Backed by DWS, Flow Traders, and Galaxy Digital (GLXY), AllUnity has expanded its euro-backed stablecoin, EURAU, to the Solana blockchain. This move aims to leverage Solana’s high-speed capabilities for payments and trading. Initially launched on Ethereum in July, EURAU operates under a regulated e-money framework that aligns with the European Union’s MiCA regulations. The company stated in an email that transitioning to Solana will enhance settlement speeds while reducing transaction costs for euro transactions.
Businesses and developers can now transfer euros onchain within seconds. This capability enables payment providers to execute cross-border payments instantaneously, circumventing traditional banking delays. Furthermore, it facilitates trading, lending, or treasury management using a stable euro unit.

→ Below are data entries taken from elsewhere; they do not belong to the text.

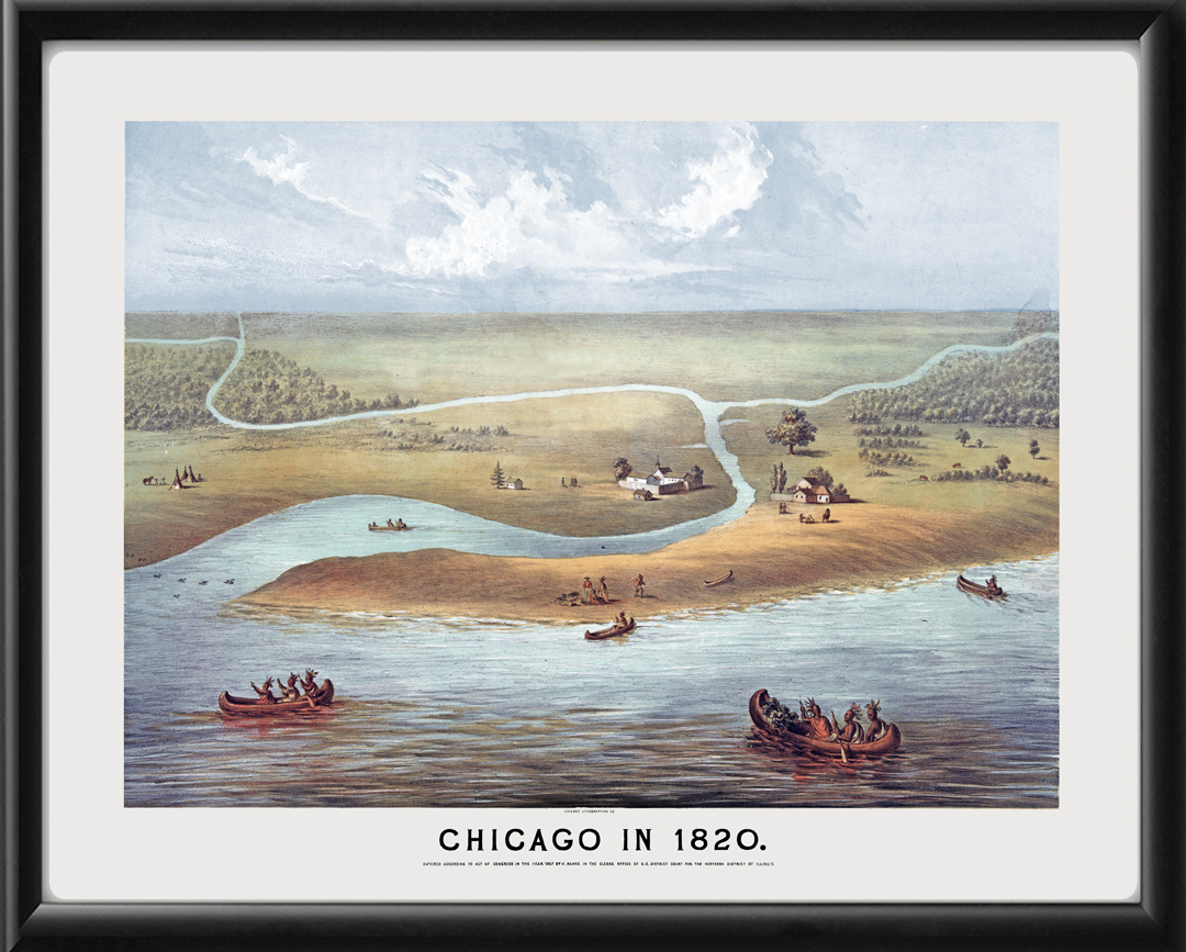 Restored bird’s eye view of Chicago, Illinois in 1820. Drawn in 1857 by an unknown artist, showing Native Americans engaged in fur trading on the banks of a river or lake at the settlement of Chicago.
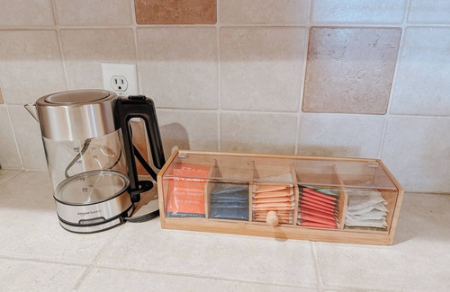 - Keurig Coffee Pods, Tea, and Creamer Pods included in kitchen. Keurig, Traditional Coffee Maker, & French Press Available.
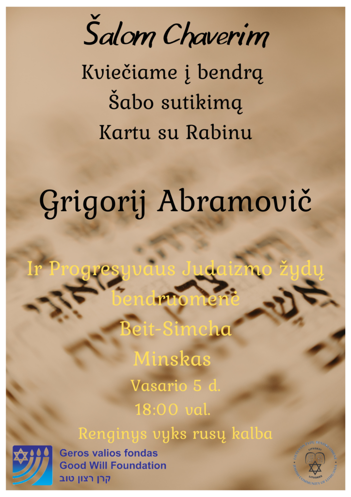 Laukiame jūsų pirmojoje paskaitoje vasario 11 d., 17.30 -19.00 val. Lietuvos žydų (litvakų) bendruomenė ZOOM svetainėje.

This development mirrors increasing interest in non-dollar stablecoins, particularly in Europe where regulatory-compliant digital assets are sought after. Although U.S. dollar tokens hold the majority of the $300 billion stablecoin market, euro-pegged alternatives have rapidly expanded, doubling to nearly $1 billion since early 2025.
S&P anticipates that the market could reach 570 billion euros ($672 billion) by 2030. French Finance Minister Roland Lescure has advocated for more euro-denominated stablecoins and encouraged EU banks to explore tokenized deposits.
AllUnity emphasized rising demand for regulated euro stablecoins, suggesting that multi-blockchain expansion could boost adoption in both finance and corporate payments sectors.
“As the need for compliant euro stablecoins increases, Solana’s speed and scalability make it an ideal platform for institutional-level settlement and cross-border transactions,” noted Peter Grosskopf, CTO and COO of AllUnity.
AllUnity mentioned that partners such as Bullish (owners of CoinDesk), Privy, Hercle, and Transak are gearing up to utilize EURAU on Solana for payments, trading, and fiat integration.